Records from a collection
☆ ☆ ☆ ☆ ☆ ☆ ☆

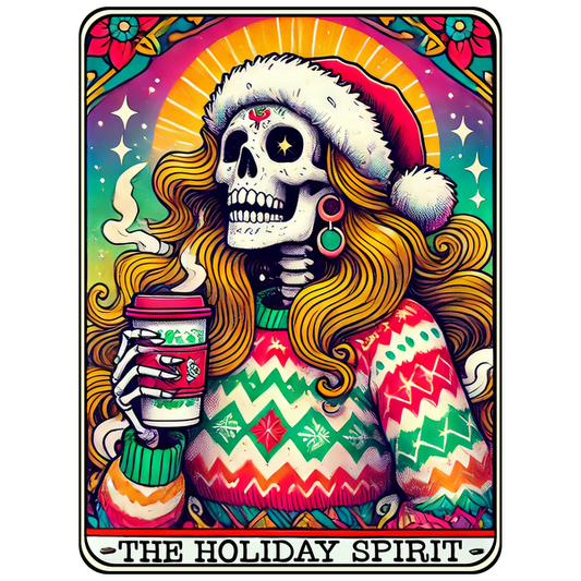 Prix habituel À partir de £0.74 GBPPrix habituelPrix unitaire / par£2.38 GBPPrix promotionnel À partir de £0.74 GBPA vibrant holiday-themed illustration featuring a stylish skeleton woman in a festive sweater, holding a coffee cup and exuding joy. dtf transfers
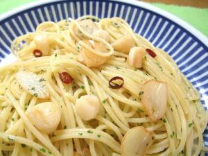 水気をしっかり切ったパスタと真珠貝の貝柱を加えて、オリーブオイルと混ぜ合わせます。
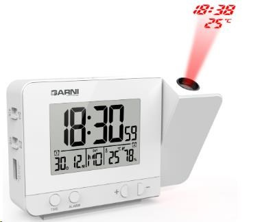 Digitální budík s projekcí času a vnitřní teploty s LCD displejem, časem řízeným rádiovým signálem DCF-77 a měřením vnitřní teploty a relativní vlhkosti LCD displej o rozměrech 63 x 42 mm s možností stálého osvětlení při napájení síťovým adaptérem, nebo krátkodobým osvětlením na 8 s při napájení bateriemi 3 stupně jasu osvětlení displeje, možnost vypnutí osvětlení displeje (při napájení síťovým adaptérem) velikost číslic na displeji – čas 25 mm, datum, zkratka názvu dne, vnitřní teplota a rel. vlhkost 8,5 mm čas a datum řízené signálem DCF-77 s možností manuálního nastavení ikona příjmu signálu DCF-77 zkratka názvu dne 12ti, nebo 24 hodinový formát zobrazení času možnost nastavení časového pásma od -12 do +12 hodin budík s 2 budícími časy s funkcí opakovaného buzení (Snooze) po 5 minutách budící signál - 10 sekund 1 pípnutí za sekundu, 10 sekund 2 pípnutí za sekundu, 10 sekund 4 pípnutí za sekundu a poté stálé pípání projekce času a vnitřní teploty s možností otočení obrazu o 180°, možnost sklopení tubusu projektoru o 90° dopředu a dozadu barva projekce červená stálá projekce při napájení síťovým adaptérem s možností vypnutí zobrazení hodnot vnitřní teploty a relativní vlhkosti zobrazení teploty ve °C, nebo °F USB port pro nabíjení mobilních zařízení (pouze při napájení hlavní jednotky síťovým adaptérem), maximální nabíjecí proud 1 000 mA napájení síťovým adaptérem, nebo bateriemi možnost postavení barva černá Obsah balení: 1 x digitální budík GARNI 140 1 x síťový adaptér český, slovenský, německý, anglický, italský, polský a maďarský návod.
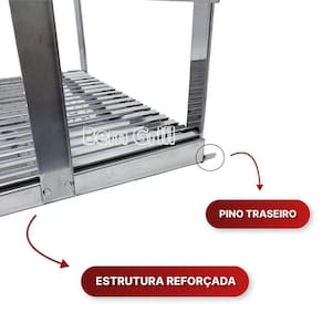 Estrutura reforçada em chapas de aço inox, soldadas à dois ferros maciços tarugos que ajudar a reforçar a grelha.
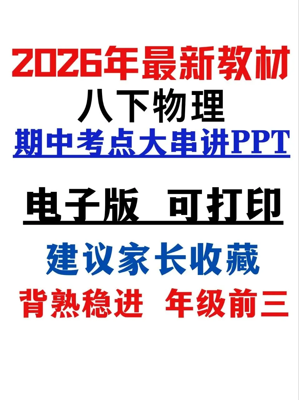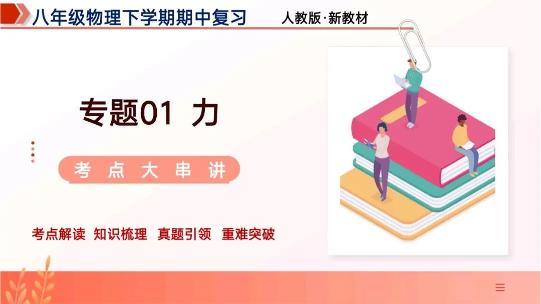 物理期中想拿高分,关键就是抓考点、理思路、练题型。这份专门为期中复习整理的PPT,紧扣最新教材,把全册核心考点、公式规律、易错难点全部串讲到位,一页一个重点,不用再盲目翻书找内容。
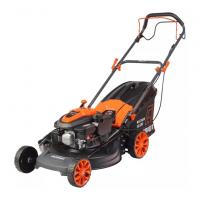 Газонокосилка Patriot PT 46S The One с бензиновым 4-тактным двигателем мощностью 4 л.с. (объем 130 см³), топливный бак 0.8 л. Самоходная конструкция с четырехколесным пластиковым шасси. Режущая система с роторным ножом обеспечивает ширину скашивания 46 см, регулировку высоты от 25 до 75 мм (7 уровней, центральная). Травосборник тканевый на жестком каркасе объемом 55 л, поддерживает боковой выброс и функцию мульчирования. Отсутствуют транспортировочные ручки, складная ручка и регулировка по высоте. Комплектация: газонокосилка, травосборник, крепеж, инструкция. Рекомендована для средних участков. Вес: 35 кг.

☆ ☆ ☆ ☆ ☆ ☆ ☆

■ What you have to do ■
In the records above, find the line with "Estrutura reforçada em". Print exactly from there through the line with "物理期中想拿高分,关键就是抓", minus the pictures.

■ Finished exercise ■
 Estrutura reforçada em chapas de aço inox, soldadas à dois ferros maciços tarugos que ajudar a reforçar a grelha.
 物理期中想拿高分,关键就是抓考点、理思路、练题型。这份专门为期中复习整理的PPT,紧扣最新教材,把全册核心考点、公式规律、易错难点全部串讲到位,一页一个重点,不用再盲目翻书找内容。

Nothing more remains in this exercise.